Friday, July 5, 2013

Humpy































Materials needed:
Hook:  Any 1x long dry fly hook sizes #8-14.  I am using an Allen 103BL size #14.
Thread:  Tan UNI-thread 8/0.
Tail:  Moose mane, or moose body hairs.
Body:  Floss (olive, orange, and yellow are popular), with deer hair folded over top.
Wing:  Deer hair tips from the folder over body.
Hackle:  Brown.

Place your hook in the vise and start your thread near the rear of the hook shank.










Tie in your tail, 1.5 times the hook gap, or just slightly shorter than your 1x long hook shank.










Secure the butt ends to the hook shank, and wrap the butt ends forward.

Return your thread to the rear of the hook.








Measure a clump of deer hair 2x the length of the tail, and tie it in.

Measuring the deer hair is the most important step for this fly!  Take your time, and start over if you made it too long.

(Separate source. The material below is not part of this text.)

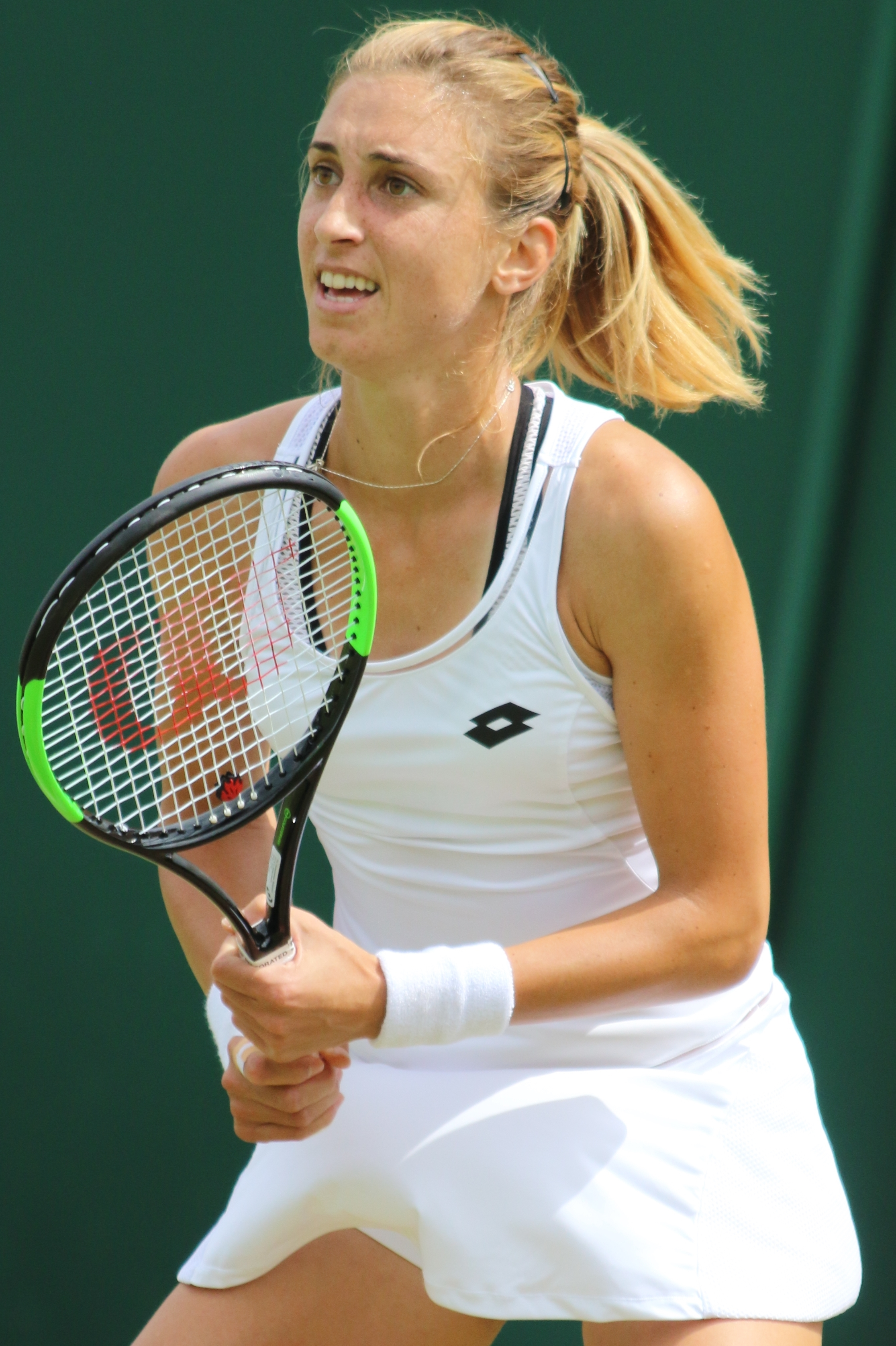 Martic WM17 (5)

Wrap over the flaring butts of deer hair to ensure it is secured to the hook.



Clip the butt ends as close to the hook shank as you can get without clipping your thread.

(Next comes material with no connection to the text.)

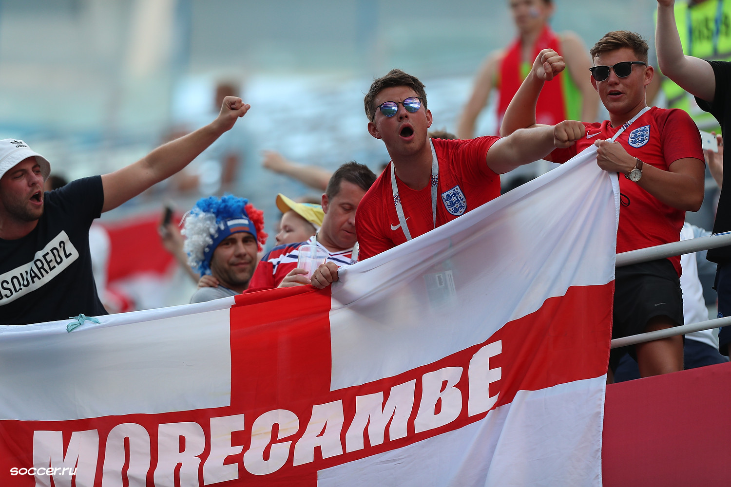 2018 FIFA World Cup Match 30, England v Panama

....and finish it off with some tight wraps.

It helps to keep the deer hair separated from the moose hair as much as possible.  Try to keep the deer hair on the top/sides of the hook shank only.








Tie in a piece of floss, and wrap your thread forward.










Wrap your floss forward.

Don't worry about tapering the body at all since we are covering the majority of it with deer hair.  









Fold the deer hair over the body, and secure it to the hook shank.

It's important that you keep the deer hair from rotating when you secure it to the hook shank.  You want to make sure you can see the floss from the bottom.





At this point you can create a small thread dam in front of the wings to stand them upright.

Separate the wings with some figure-8 wraps, and then post each individual wing as you would with normal hair wing dry flies.






Tie in your brown dry fly hackle, and wrap it forward.

I use the humpy in pocket water mostly, and I like to keep them bushy so I can see them better.  You can use as many wraps of hackle as you prefer.







Whip finish and trim your thread.











Tuesday, July 2, 2013

Depth charge birds nest



Materials needed:
Hook:  Standard 2x long hook shank nymph hook. Sizes #8-#16.
Thread:  Light olive 8/0 UNI-thread.
Weight:  One undersized copper tungsten bead, one oversized tungsten bead, 15 wraps of lead wire.
Antennae:  Tan goose biots.
Tail:  Tan goose biots.
Body:  AZ synthetics peacock golden dubbing.
Rib:  Copper wire.
Legs:  Partridge
Thorax:  AZ synthetics peacock golden dubbing with hares ear guard hairs mixed in.


Place your beads on your hook.  

Put the copper bead on as you normally would, but put the black bead on the opposite way so the big hole in the black bead fits over the top of the copper bead.







Pull the black bead back to the hook bend, and start your thread just behind the copper bead.










Select 2 goose biots and place them back to back as shown.

For antennae, use goose biots from the bottom of the feather.  These are usually thinner, and aren't as rigid as the biots further up on the feather.







Tie in the biots on either side of the copper bead, and whip finish.











Put your black bead back up against the copper bead.

Wrap 15 or so wraps of lead behind the beads, and push the wraps into the bead.

Make sure you leave enough bare hook shank to tie in the tail!





Restart your thread just behind the lead wraps, and dub a little dubbing onto your thread.











Build a small bump with your dubbed thread.











Select two goose biots, and place them back to back.










Tie them in on either side of the bump of dubbing.











Trim the butt ends and tightly wrap your thread to the back of the lead wraps.











Wrap your thread across the lead wraps so you don't separate the lead wraps.










Do the same in the opposite direction.

When done properly, your lead wraps should be solid.  They should not rotate or move at all.









Tie in your copper wire rib.











Dub some dubbing onto your thread and wrap forward building a tapered body.



























Wrap your rib forward, and tie it off.

























Tie in some partridge legs on both sides.
























Make a small dubbing loop with your thread.












Fill your loop with dubbing.  Mix in some guard hairs from a hares mask.










Twist.












..And wrap to build up a thorax.

The thorax should match the size of the black bead.  Make sure you push the black bead all the way forward and keep it in place with the dubbing.

Tie off the dubbing loop, and whip finish.

Use a dubbing brush to tease out fibers.